Di sela-sela itu, beberapa dari kami mengeluh tentang mahalnya biaya yang harus disiapkan untuk kawin (ya, mereka ingin kawin, tapi belum cukup pede untuk bikin hajatan). Dipikir-pikir, yang namanya acara perkawinan memang lebih mirip “hajatan orang tua”, karena orang yang “nikah”nya sih sebenarnya belum tentu ingin bikin hajatan (besar-besaran). Tapi biasanya orangtua lah yang menuntut dibuat acara seperti itu. Alasannya macam-macam, ada yang karena anaknya adalah anak perumpuan pertama yang nikah lah, atau karena anak paling tua lah, atau, ada juga yang merasa berkewajiban bikin hajatan karena orangtuanya adalah pejabat (mungkin pikirannya, malu dong kalo pejabat ga bikin hajatan..).
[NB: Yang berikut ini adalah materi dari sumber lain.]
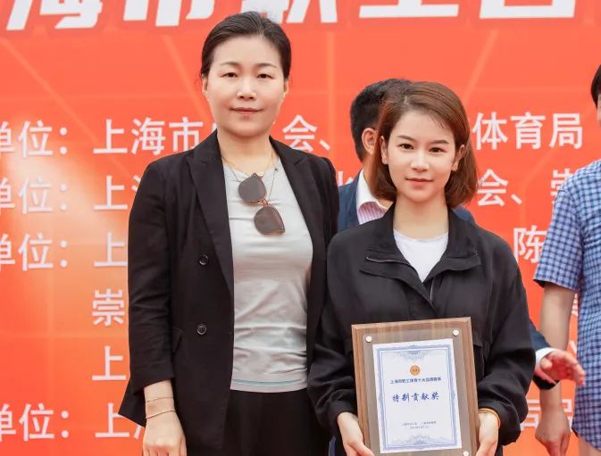 上海市總工會宣傳教育部副部長鄒曉鷹為崇明區總工會授予上海市職工體育十大品牌“賽事特別貢獻獎”

Ya, di acara kumpul kemarin memang suasananya berbeda jauh dengan masa-masa waktu kami nongkrong dulu. Semuanya sudah mulai cemas dengan hari-hari yang akan datang. Semua sudah bersikap lebih serius tentang masa depan, masa berkeluarga yang hampir tidak bisa kami hindari.. Apalagi waktu kami melihat Abdul dan anaknya yang belum genap berumur setahun itu.. Ah, dari mana kita harus cari uang untuk biaya kelahiran, makan, pakaian, dan kebutuhan lainnya? Dan kekhawatiran tentang berkeluarga semakin mencekam ketika muncul pertanyaan, “apakah berkeluarga adalah akhir dari kebebasan?” Ah, bukankah kita juga (nantinya) masih ingin bersenang-senang? Atau kadang bersikap “royal”? Yeah, I know, it’s a bit creepy..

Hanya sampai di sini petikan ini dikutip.